Where the lines below hold images, skip those and copy every word exactly.

[Data segment Boundary: Start]

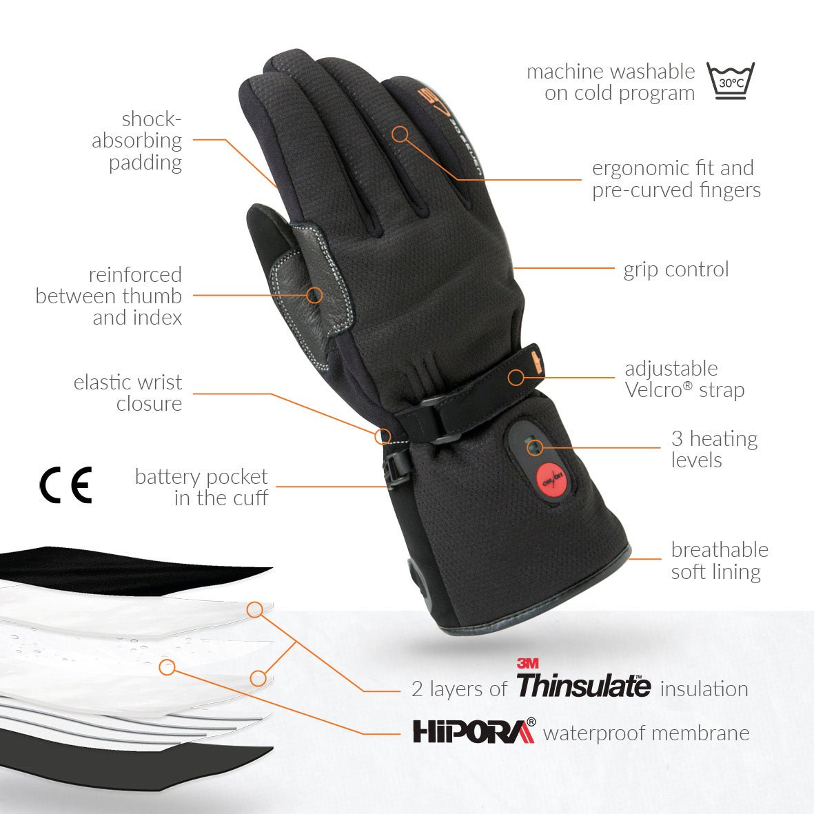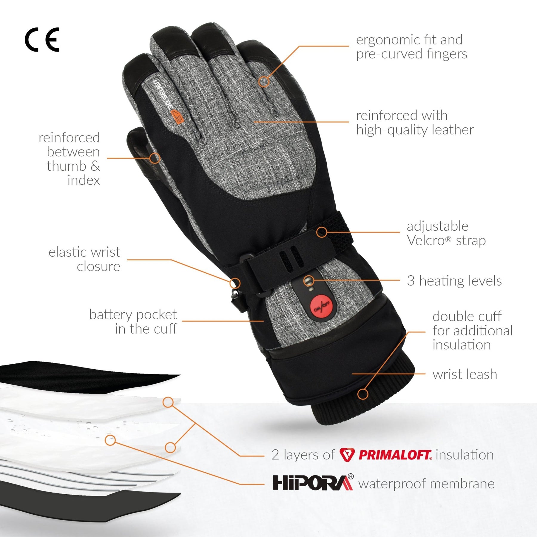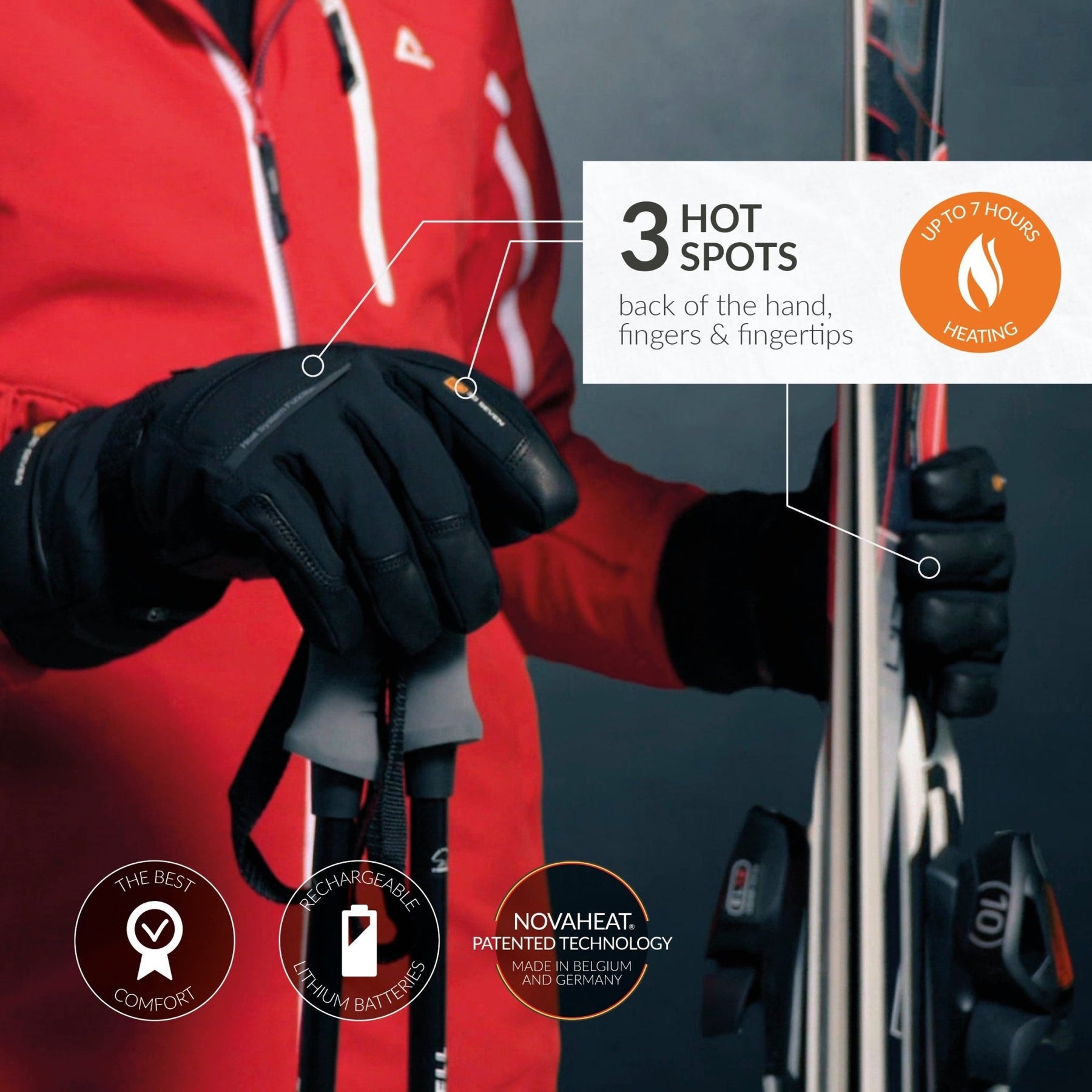 RECHARGEABLE HEATED GLOVES: Electric heated gloves deliver Novaheat® technology with hot spots on back of the hand, fingers and fingertips. Quality German/Belgian technology and American textiles (Primaloft & 3M Thinsulate), assembled in Europe.
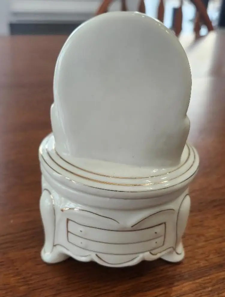 Vtg Ceramic Dresser Shaped Trinket Box with mirror pink painted flowers and gold trim 5 1/2" tall
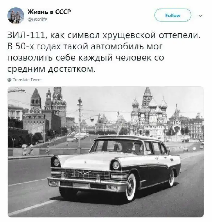 112 экземпляров - ровно столько было выпущено ЗИЛ-111, который делали на основе машин представительского класса - Buick, Lincoln и Cadillac. И что же это за средний класс, владеющий таким автомобилем?
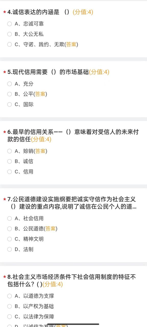 本次诚信教育主题知识竞赛活动采取线上小程序答题的模式,竞赛试题分为填空题、选择题及判断题三个部分,着重考察选手们对于资助政策,征信和金融基本常识的了解程度,帮助学生建立对诚信知识的理解,加深自身品格修养。同学们有序参与,积极答题,充分展示诚实守信、励志自强、感恩奉献新时代大学生的风采。

[Data segment Boundary: End]

Answer section -
 RECHARGEABLE HEATED GLOVES: Electric heated gloves deliver Novaheat® technology with hot spots on back of the hand, fingers and fingertips. Quality German/Belgian technology and American textiles (Primaloft & 3M Thinsulate), assembled in Europe.
 Vtg Ceramic Dresser Shaped Trinket Box with mirror pink painted flowers and gold trim 5 1/2" tall
 112 экземпляров - ровно столько было выпущено ЗИЛ-111, который делали на основе машин представительского класса - Buick, Lincoln и Cadillac. И что же это за средний класс, владеющий таким автомобилем?
 本次诚信教育主题知识竞赛活动采取线上小程序答题的模式,竞赛试题分为填空题、选择题及判断题三个部分,着重考察选手们对于资助政策,征信和金融基本常识的了解程度,帮助学生建立对诚信知识的理解,加深自身品格修养。同学们有序参与,积极答题,充分展示诚实守信、励志自强、感恩奉献新时代大学生的风采。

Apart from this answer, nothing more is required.